Prostudujte si tuto pasáž

  
/ 10837  
  

9297. Drie malen in het jaar zal gezien worden alle manlijke tot de aangezichten van de Heer Jehovah; dat dit betekent de aanhoudende verschijning en aanwezigheid van de Heer, ook in de waarheden van het geloof, staat vast uit de betekenis van drie malen in het jaar, namelijk het volledige en aanhoudende, nr. 4495, 9198; uit de betekenis van gezien worden, dus de verschijning en de aanwezigheid, nrs. 4198, 5975, 6893; en uit de betekenis van de manlijke, namelijk het ware van het geloof, nrs. 2046, 7838; en uit de betekenis van de aangezichten, wanneer het Jehovah betreft, dat wil zeggen, de Heer, dus het Goddelijk Goede van de Goddelijke Liefde of de barmhartigheid, nrs. 222, 223, 5585, 7599; en omdat het Goddelijk Goede van de Goddelijke Liefde Jehovah Zelf of de Heer is, wordt daarom met gezien worden tot de aangezichten van de Heer Jehovah, hetzelfde aangeduid als met gezien worden door de Heer; het is ook de Heer Die de mens ziet en Zich bij hem vertoont en hem geeft dat hij Hem ziet, zo ziet dus de mens de Heer niet uit zich, maar uit de Heer bij hem.
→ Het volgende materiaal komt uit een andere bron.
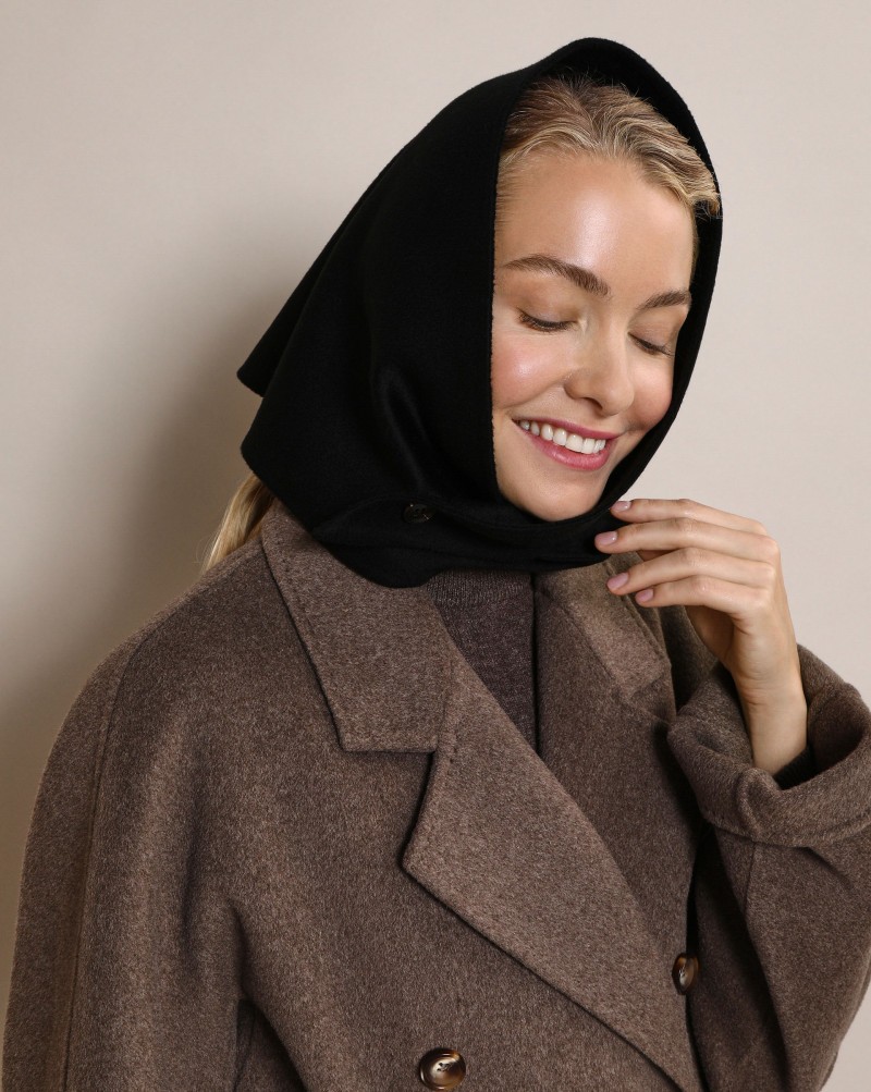 Косынка из шерсти и кашемира, выполненная из двухслойной ткани — мягкой, тонкой и приятной на ощупь, без подкладки. Застежка на пуговицы позволяет использовать косынку как головной убор или как шарф.
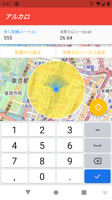 消費カロリーを入力すると、そのカロリーを消費するために現在地からどこまで歩けばよいのかを地図上に表示します。
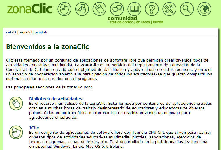 | Zona Clic es un sitio que permite la búsqueda de pequeñas aplicaciones para el aula elaboradas con Jclic, un programa especialmente diseñado para crear rompecabezas, actividades de parejas, y otras actividades para el aula. |
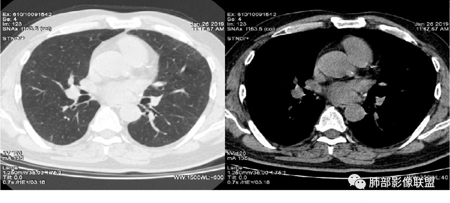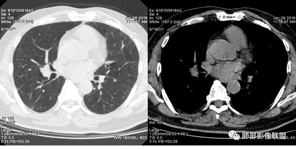 我觉得纵膈窗可以更好观察,纵窗看支气管很紊乱的感觉,鉴别,肺炎的支气管充气征,支气管走形还是很自然的
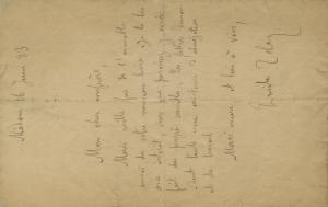 ZULOAGA IgnacioCarte autographe signée, adressée à M. Bartholomé. Zumaya, 18 mars 1915 ; 2 pages in-16 oblongues avec enveloppe timbrée.« C’est avec grand plaisir que je recommanderai M. Otero, et je souhaite que nous puissions obtenir le resultat voulu. Je pense aller à Paris la semaine prochaine, et j’aurai alors le plaisir de vous voir. »
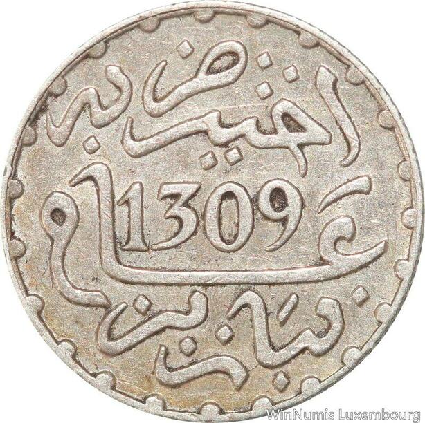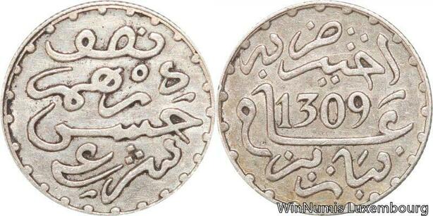 R7560 Morocco 1/2 Dirham Hassan Ier AH 1309 1892 Silver Paris -> Make offer

Hoe het wordt verstaan dat er een aanhoudende verschijning en aanwezigheid van de Heer is ook in de waarheden van het geloof, zal in het kort worden gezegd; de aanwezigheid van de Heer bij de mens is in het goede bij hem, omdat het goede zijn leven maakt, niet echter het ware, tenzij voor zover het vanuit het goede is; vandaar komt het, zoals eerder in nr. 9296 is gezegd, dat de woning van de Heer is in het goede van de onschuld bij de mens; wanneer dus de mens is wederverwekt, dan is de Heer niet alleen aanwezig in het goede bij hem, maar ook in de waarheden die vanuit het goede zijn, want de waarheden hebben dan het leven uit het goede en zijn het goede in vorm, waardoor de hoedanigheid van het goede kan bemerkt worden.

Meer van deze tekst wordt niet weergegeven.